Semantic Navigator App Using Gradio

Even though this is a book on using local LLMs I thought, dear reader, that it would be fun to add a complete web app example that is also an effective application of LLMs to perform natural language processing (NLP) tasks that a decade ago would have required a major development effort and would not have been as effective as the LLM-based solution we use here.
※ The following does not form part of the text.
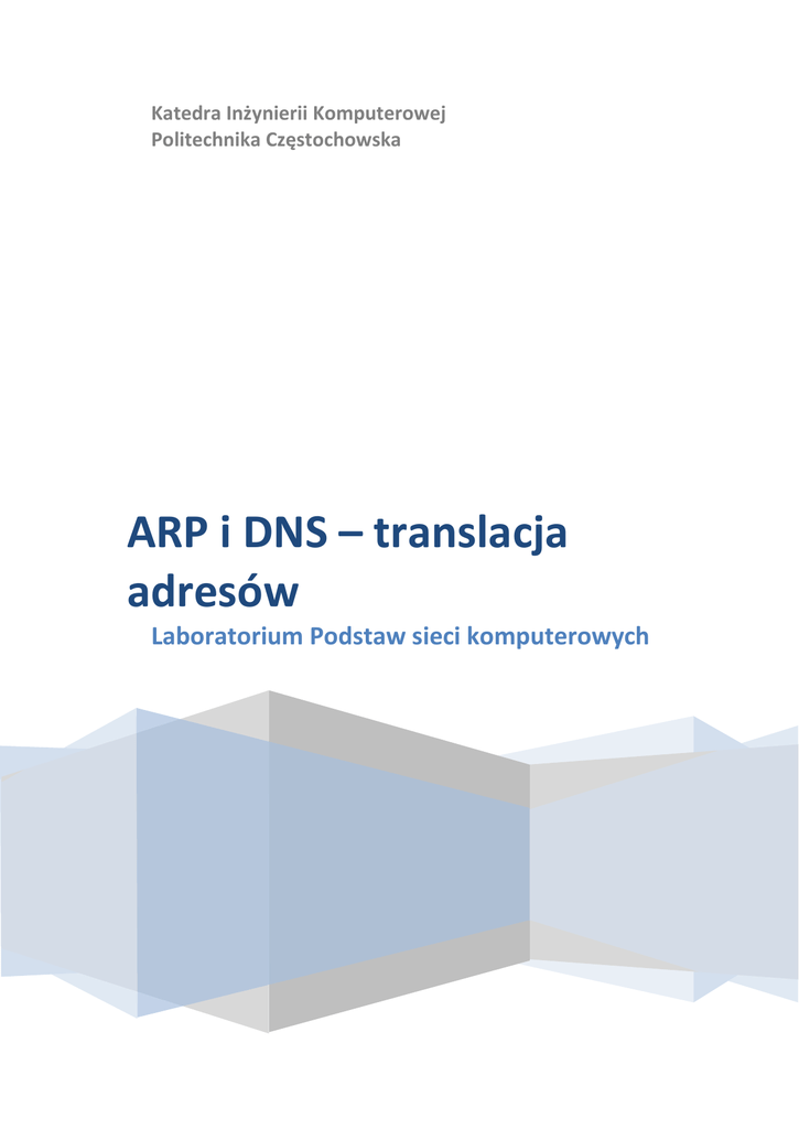 Katedra Inżynierii Komputerowej Politechnika Częstochowska ARP i DNS – translacja adresów Laboratorium Podstaw sieci komputerowych ARP i DNS – translacja adresów Cel ćwiczenia Celem dwiczenia jest zaznajomienie rolą jakie pełnią protokoły ARP i DSN. Informacje wstępne W sieciach komputerowych wykorzystujących stos protokołów TCP/IP używane są następujące poziomy adresowania urządzeo: nazwy mnemoniczne, adresy IP, adresy MAC, oraz adresowanie usług dostępnych na poszczególnych urządzeniach za pomocą numerów portów. Adresy MAC są przypisane poszczególnym interfejsom sieciowym. Są wykorzystywane do adresowania urządzeo w sieci lokalnej. W nagłówkach ramek warstwy łącza danych (np. Ethernet, Token Ring, FDDI, WiFi) występuje co najmniej adres adresata oraz nadawcy ramki. Adres taki składa się sześciu bajtów zapisywanych zwyczajowo w postaci sześciu dwucyfrowych liczb szesnastkowych, np. 00-12-56-12-fe-c3. Adresy IP, zasadniczo, również przypisuje się poszczególnym interfejsom sieciowym, chod możliwe jest również przypisanie wielu adresów do jednego interfejsu lub jednego adresu do grupy interfejsów (most). Wykorzystuje je warstwa sieciowa, która pozwala na komunikację zarówno w ramach sieci lokalnej, jak i pomiędzy sieciami. Adres IP składa się z 4 bajtów zapisywanych zwyczajowo w postaci czterech liczb, rozdzielonych kropka, np.: 217.45.22.17. W adresie IP występuje częśd określająca adres sieci oraz częśd określająca adres konkretnego urządzenia w danej sieci. Podział może byd określony elastycznie w postaci maski lub odnosząc się do klas adresów. Adresy mnemoniczne pozwalają na łatwe ich zapamiętanie i określają konkretne urządzenie w sieci. W sieci Internet stosuje się hierarchiczne nazewnictwo domenowe. Nazwa urządzenia składa się z części rozdzielonych kropkami, np. pc4.kik.pcz.czest.pl. Pierwszy element (w przykładzie pc4) to nazwa konkretnego urządzenia, który jest elementem domeny (w przykładzie kik). Domena kik jest z kolei częścią domeny nadrzędnej (w przykładzie pcz), która może byd elementem kolejnej nadrzędnej struktury (czest), itd. Wszystkie trzy wymienione określają konkretne urządzenie w sieci. Użytkownik najchętniej posługuje się adresami mnemonicznymi, lecz te nie są przydatne w odnalezieniu urządzenia w sieci. Konieczne jest ich przetłumaczenie na adresy IP. Służy do tego usługa DNS (Domain Name System) oferowana przez serwery DNS. W odpowiedzi na zapytanie zawierające nazwę mnemoniczną przekazuje przypisany jej adres IP. Hierarchiczna (domenowa) organizacja nazewnictwa pozwoliła na rozproszenie baz danych przechowujących nazwy i przyporządkowane im adresy IP. Informacje o poszczególnych domenach są przechowywane na specjalizowanych serwerach. Np. serwer odpowiadający za domenę pcz przechowuje informację o wszystkich jej poddomenach oraz zarejestrowanych w nich urządzeniach. Na podstawie adresu IP można określid konkretną podsied, w której znajduje się docelowe urządzenie. W sieci lokalnej konieczne jest wykorzystanie protokołu warstwy łącza danych oraz adresów MAC. Adres IP musi zostad zatem przetłumaczony na adres MAC odpowiedniego interfejsu. Zadanie to realizuje protokół ARP (Address Resolution Protocol). Urządzenie poszukujące adresu MAC rozgłasza zapytanie „Kto posiada dany adres IP?”, a posiadacz odpowiada używając swojego adresu MAC. Aby nie powielad zbędnych zapytao DNS i ARP, systemy operacyjne przechowują okresowo uzyskane informacje w pamięci. Do zarządzania nią służą polecenia ipconfig i arp. Oto składnia poleceo dla systemu Windows: ipconfig /? SPOSÓB UŻYCIA: ipconfig [/allcompartments] [/? | /all | Strona 2 ARP i DNS – translacja adresów /renew [karta] | /release [karta] | /renew6 [karta] | /release6 [karta] | /flushdns | /displaydns | /registerdns | /showclassid karta | /setclassid karta [identyfikator_klasy] ] gdzie karta Nazwa połączenia (dozwolone symbole wieloznaczne * i ?, zobacz przykłady) Opcje: /? /all /allcompartments /release /release6 /renew /renew6 /flushdns /registerdns /displaydns /showclassid /setclassid Wyświetla ten komunikat pomocy. Wyświetla pełne informacje o konfiguracji. Wyświetla informacje o wszystkich przedziałach. Zwalnia adres IPv4 podanej karty. Zwalnia adres IPv6 podanej karty. Odnawia adres IPv4 podanej karty. Odnawia adres IPv6 podanej karty. Przeczyszcza bufor programu rozpoznawania nazw DNS. Odświeża wszystkie dzierżawy DHCP i rejestruje ponownie nazwy DNS. Wyświetla zawartość buforu programu rozpoznawania nazw DNS. Wyświetla wszystkie identyfikatory klas DHCP dozwolone dla karty. Modyfikuje identyfikator klasy DHCP. Zachowanie domyślne to wyświetlanie tylko adresu IP, maski podsieci i bramy domyślnej dla każdej karty związanej z protokołem TCP/IP. Jeśli dla przełączników Release i Renew nie zostanie określona nazwa karty, zwolnieniu lub odnowieniu ulegną dzierżawy adresów IP dla wszystkich kart związanych z protokołem TCP/IP. Jeśli dla przełącznika Setclassid nie zostanie określony parametr identyfikator_klasy, to identyfikator_klasy zostanie usunięty. Przykłady: > ipconfig > ipconfig /all > ipconfig /renew > ipconfig /renew EL* ... ... ... ... Pokazuje informacje Pokazuje informacje szczegółowe Odnawia adresy IP wszystkich kart Odnawia adresy IP połączeń o nazwach zaczynających się od EL > ipconfig /release *lok* ... Zwalnia adresy IP wszystkich pasujących połączeń, np. "Połączenie lokalne 1" lub "Połączenie lokalne 2" > ipconfig /allcompartments ... Pokazuje informacje o wszystkich przedziałach > ipconfig /allcompartments /all ... Pokazuje informacje szczegółowe o wszystkich przedziałach arp /? Wyświetla i modyfikuje tabelę translacji adresów IP na adresy fizyczne, używane przez protokół rozróżniania adresów (ARP). ARP -s inet_addr eth_addr [if_addr] ARP -d inet_addr [if_addr] ARP -a [inet_addr] [-N
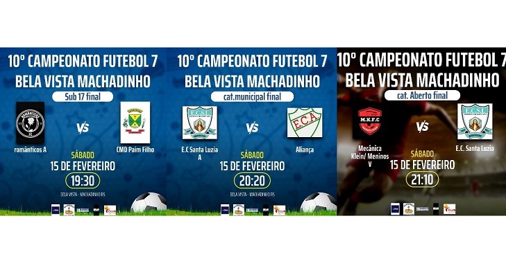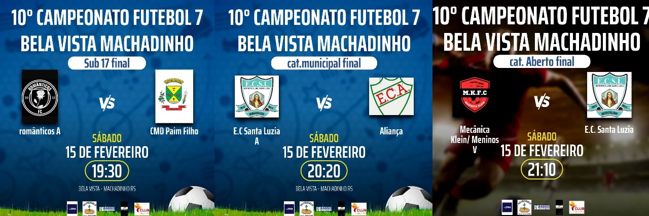 Agora, as grandes finais acontecerão no dia 1º de março e toda a comunidade está convidada a prestigiar as emocionantes disputas, pelos títulos das categorias Sub-17, Municipal e Aberto. A programação inicia às 19h30, com a final do Sub-17, onde Românticos A, enfrenta o CMD de Paim Filho. Em seguida, será a vez da final da categoria municipal, com o confronto entre Esporte Clube Santa Luzia e Aliança. Para encerrar a noite de decisões, às 21h10, acontece a grande final da categoria aberto, onde a equipe Mecânica Klein/Meninos da Vila, duela com o Esporte Clube Santa Luzia.

Overview or Semantic Web and Linked Data

The Semantic Web, often referred to as Web 3.0 or the Web of Data, represents an ambitious vision originally proposed by Tim Berners-Lee, the inventor of the World Wide Web. While the traditional web is a collection of documents designed for human consumption—where computers essentially act as mailmen delivering pages they cannot “understand”—the Semantic Web aims to make the underlying data machine-readable. By providing a common framework that allows data to be shared and reused across application, enterprise, and community boundaries, it transforms the internet from a library of isolated silos into a massive, interconnected global database.

At the heart of this transformation is a specific technology stack designed to categorize and link information. The Resource Description Framework (RDF) serves as the standard data model, breaking down information into “triples” (subject, predicate, and object) that describe relationships between entities. To ensure these entities are unique and discoverable, they are identified using Uniform Resource Identifiers (URIs), which function like permanent, global addresses for concepts rather than just web pages. This layer is often visualized as a “Layer Cake,” progressing from basic syntax to complex logic and trust protocols.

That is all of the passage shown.